2022 Pulitzer Prize in History Awarded to NYU's Nicole Eustace and Ada Ferrer

New York University historians Nicole Eustace and Ada Ferrer have been jointly awarded the 2022 Pulitzer Prize in History for their respective works-Eustace's "Covered with Night: A Story of Murder and Indigenous Justice in Early America" and Ferrer's "Cuba: An American History".

Pulitzer Prize Logo

New York University historians Nicole Eustace and Ada Ferrer have been jointly awarded the 2022 Pulitzer Prize in History for their respective works-Eustace's Covered with Night: A Story of Murder and Indigenous Justice in Early America (Liveright) and Ferrer's Cuba: An American History (Scribner).

Covered with Night recounts a 1722 killing of an Indigenous hunter by two white fur traders in Conestoga, Pa., while Cuba: An American Story is a comprehensive history of Cuba's complex ties to the United States.

"With Covered With Night, Eustace takes us deep into the cultural worlds and worldviews of early 18th-century native peoples of the Susquehanna Valley," says Pulitzer Board member Tommie Shelby, a professor at Harvard University. "In an examination of a confrontation between indigenous peoples' conceptions of justice and English law used by colonial settlers, we find extraordinary research skill, particularly with the deft handling of indigenous languages, gripping storytelling, and elegant writing."

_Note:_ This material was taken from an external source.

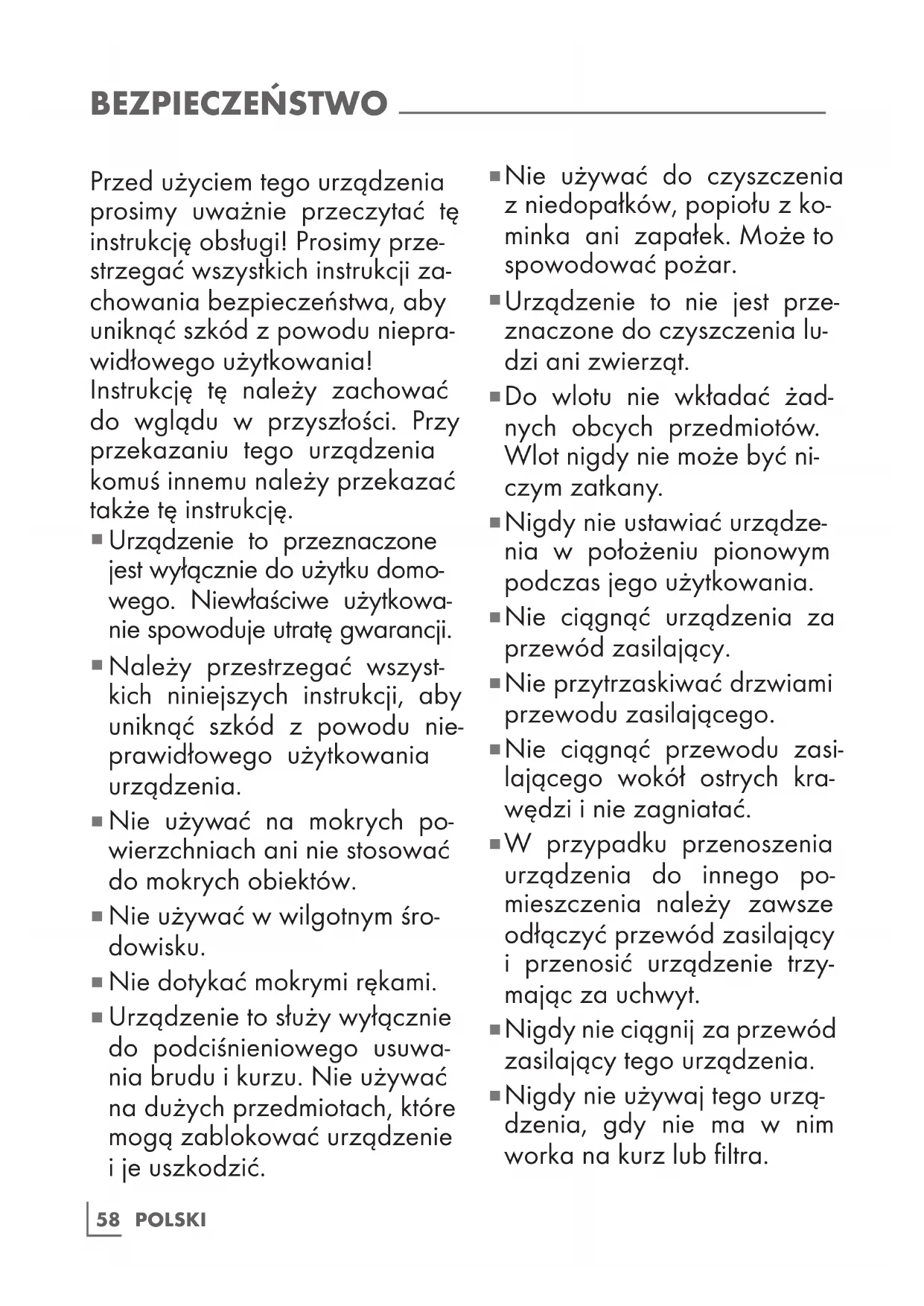 Nigdy nie używaj tego urzą- dzenia, gdy nie ma w nim worka na kurz lub filtra.POLSKI 59 BEZPIECZEŃSTWO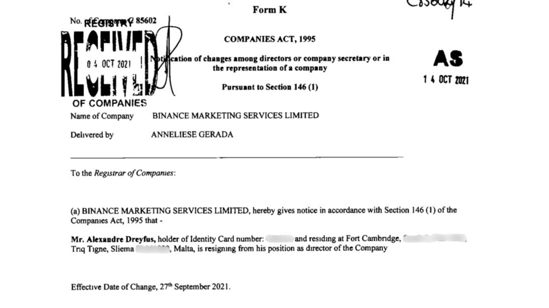 Dreyfus had positioned himself as a director of Binance during the company’s move to Malta in 2018. His companies reportedly also received investments from Binance. He was pictured prominently alongside CZ and Minister Schembri, who was, at the time, the parliamentary secretary for the digital economy.

"Ada Ferrer, a leading historian of Cuba, provides a succinct yet wide-ranging history of U.S.-Cuba relations from the point of view of the island and its inhabitants," Shelby adds. "It is full of memorable vignettes, beginning with the fact that Christopher Columbus made landfall on the island and not on the North American continent, as is usually assumed. The themes of anti-Black racism, slavery and slave rebellion, imperialism, revolution, the Cold War, land and labor exploitation, and the quest for national self-determination are all seamlessly integrated into a compelling, fast-moving, and vivid narrative."

Nicole Eustace's "Covered with Night"

Ada Ferrer's "Cuba: An American History"

While Ferrer's award-winning book covers 500 years of Cuba's history, she offers a particular focus on Fidel Castro, the 1959 revolution, and the perceptions of many Americans that stem from its aftermath.

"Because of what the revolution would become, a lot of Americans don't realize what the revolution originally was or how incredibly popular it was in the beginning," Ferrer said in an interview last year. "And it wasn't popular support for communism-it wasn't clear at that point that the government would become communist. So in some sense, this discourse, which has been a mainstay of official American discourse towards Cuba, just doesn't describe what the social experience of that country was over the last 60 years."

Eustace's work surfaces alternative forms of justice that were deployed in the colonial period by Native American communities-and that were eventually discarded by the new nation, which opted for the Anglo-European model we're familiar with today.

In contrast to Anglo-European forms of justice, which center on individual responsibility and then retributive justice and punishment against the offender, Indigenous peoples saw crimes, even the most heinous ones, as breaks in "community relationships that needed to be repaired and that needed to be repaired over time-it's not one and done," Eustace explained in a 2021 interview. "There needed to be acknowledgment of the wrong done. There needed to be sympathizing with the victims of a crime, including members of the wider community. Reparations needed to be paid and then there needed to be reparative rituals of bringing people back together."